The New Zealand sharemarket finished the week on a positive note with a half per cent gain, and a reinvigorated Fletcher Building led the way by reaching a new high.

The memories of a tumultuous May are fast disappearing as the S&P/NZX 50 Index picked up 66.28 points or 0.53 per cent to 12,496.27 – and the index has risen more than 2.5 per cent over the past five trading days after reaching a low of 12,182.25 last month.

There were 83 gainers and 52 decliners over the whole market on steady volume of 37.26 million share transactions worth $173.37 million.

Nigel Scott, investment adviser with Craigs Investment Partners, said there has been selective buying in large cap stocks and the market has consolidated.

“There is limited choice and the market is relatively priced, and people have concentrated on solid cyclical stocks such as Fletcher Building. We’ve also seen relief rallies in a2 Milk and Synlait.

“There’s still excess cash in the market and I think the bulls are still running,” Scott said.

Fletcher Building reached a new two-year peak of $7.85, up 19c or 2.48 per cent, after telling the market it will next week begin its on-market shares buy-back, which may take up to 12 months to complete. Fletcher plans to buy up to 41.2m shares worth no more than $300m on the NZX and ASX markets.

Core portfolio stocks making headway were Chorus, up 10c to $6.48; Contact Energy gaining 20c or 2.55 per cent to $8.03; Meridian increasing 6.5c to $5.325; Trustpower collecting 12c to $8.70; and Infratil rising 13.5c to $7.825.

Market leader Fisher and Paykel Healthcare bounced back 13c to $29; and strong dividend stock Spark had a break-out week, after increasing 5.5c to $4.66. Spark sat around $4.50 for a long time and has risen more than 16c this week.

Synlait climbed a further 22c or 6.25 per cent to $3.48, while a2 Milk was down 3c to $6.07 but is now solidifying over the $6 mark.

Reopening stocks SkyCity Entertainment rose 9c or 2.52 per cent to $3.66, and Tourism Holdings was up 3c to $2.55.

Z Energy, which produced its first Modern Slavery Statement, gained 7c or 2.71 per cent to $2.65; Restaurant Brands rose 39c or 2.89 per cent to $13.90; apple exporter Scales Corporation increased 11c or 2.3 per cent to $4.89; and kiwifruit grower and packer Seeka was up 10c or 2.08 per cent to $4.90.
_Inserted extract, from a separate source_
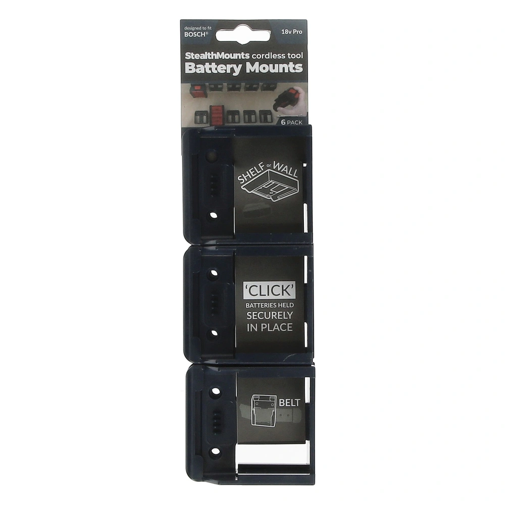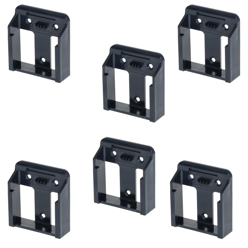Battery mount made of strong ABS plastic for the safe storage of Bosch batteries. The holders can be mounted in any position and distance from one another, and they provide for clear organisation in workshops, tool trailers or work vehicles. They can also be attached to a belt for the use on the job site. The batteries are simply pushed into the holder until they snap in. They are only released by pressing the release button on the battery. Using the battery mounts, your batteries are stowed in a very space-saving way for maximum workshop efficiency.

In the retirement village sector, which has some question marks over it, Summerset Group Holdings gained 35c or 2.79 per cent to $12.90, Oceania Healthcare increased 4.1c or 2.93 to $1.44, and Ryman Healthcare was down 17c to $12.80, having slipped from $14.95 on May 12.

New Zealand King Salmon Investments, which reported small fish sizes, recovered 3c or 1.97 per cent to $1.55. Gentrack picked up another 5c or 2.38 per cent to $2.15; AMP rose 4c or 3.39 per cent to $1.22; Accordant Group was up 4c or 2.72 per cent to $1.51; and marketing firm Solution Dynamics increased 6c or 1.94 per cent to $3.15.

Ebos Group, another core stock, was down 37c to $33.25; Freightways slipped 10c to $12.15 after a strong run; Fonterra Shareholders’ Fund declined 12c or 2.99 per cent to $3.90; Kathmandu Holdings declined 4c or 2.41 per cent to $1.62; and Hallenstein Glasson, with 13 stores in lockdown in Melbourne, fell 6c to $7.31.

The port companies Marsden Maritime Holdings decreased 15c or 2.44 per cent to $6; South Port New Zealand was down 10c to $8.51; and Napier Port declined 5c to $3.32. EROAD climbed another 11c or 1.96 per cent to $5.71, and personal lender Harmoney recovered 3c or 1.97 per cent to $1.55.

Meal kit company My Food Bag continues to fall out of favour, down 3c or 2.05 per cent to $1.43.

Dual-listed DGL Group is beginning an expansion programme by building a new chemicals storage warehouse at its Auckland Mount Wellington facility for a cost of $4.5m. DGL’s share price was unchanged at $1.40.